There is no greater strategic prize for this century than the attainment of full social, economic and political rights for all women everywhere, and their full participation in their societies. We will not secure this unless we change global attitudes to women, root out discrimination and violence against them wherever it is found, including in our own countries, and show the political will to make women’s participation in peace-building and conflict resolution worldwide a reality, including the Geneva Peace Conference on Syria. Our work on this stretches across government:
My Rt Hon Friend the Home Secretary has asked immigration officials to look at how to improve guidance and training on gender-based asylum claims; and is introducing a Modern Slavery Bill to give authorities the powers to investigate and prosecute human traffickers.

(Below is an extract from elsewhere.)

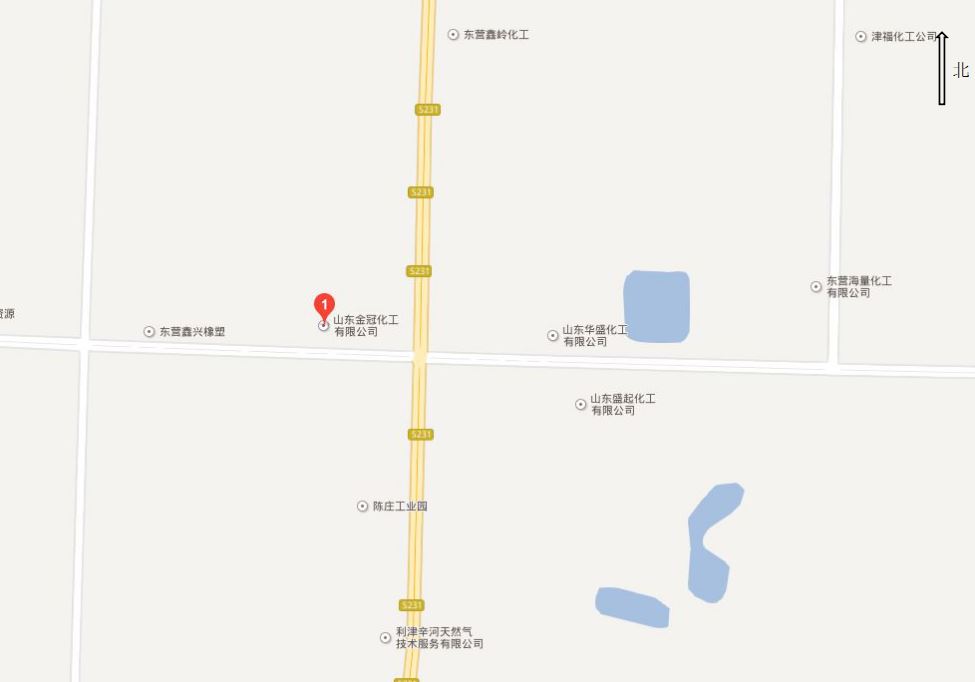 山東金冠化工有限公司位于東營市利津縣陳莊工業(yè)園。路東為S231,S231東側(cè)為華盛化工有限公司;廠區(qū)南側(cè)為北一路;西側(cè)為鑫興橡膠有限公司;東北側(cè)120米處,布置有機械采油井;北側(cè)為空地,空地以北為黃河口酒業(yè)有限公司。 |

My Rt Hon Friend the Development Secretary has made the protection and empowerment of girls and women a priority. By 2015 the UK will have helped millions more girls and women get access to education, financial services, jobs, and land rights, and our new £35 million programme aims to reduce the practice of Female Genital Mutilation by 30% in at least 10 countries in the next 5 years.
So our country is putting new effort, new single-minded focus, new resources and new political will into advancing the rights of women and girls, and to ending warzone rape worldwide.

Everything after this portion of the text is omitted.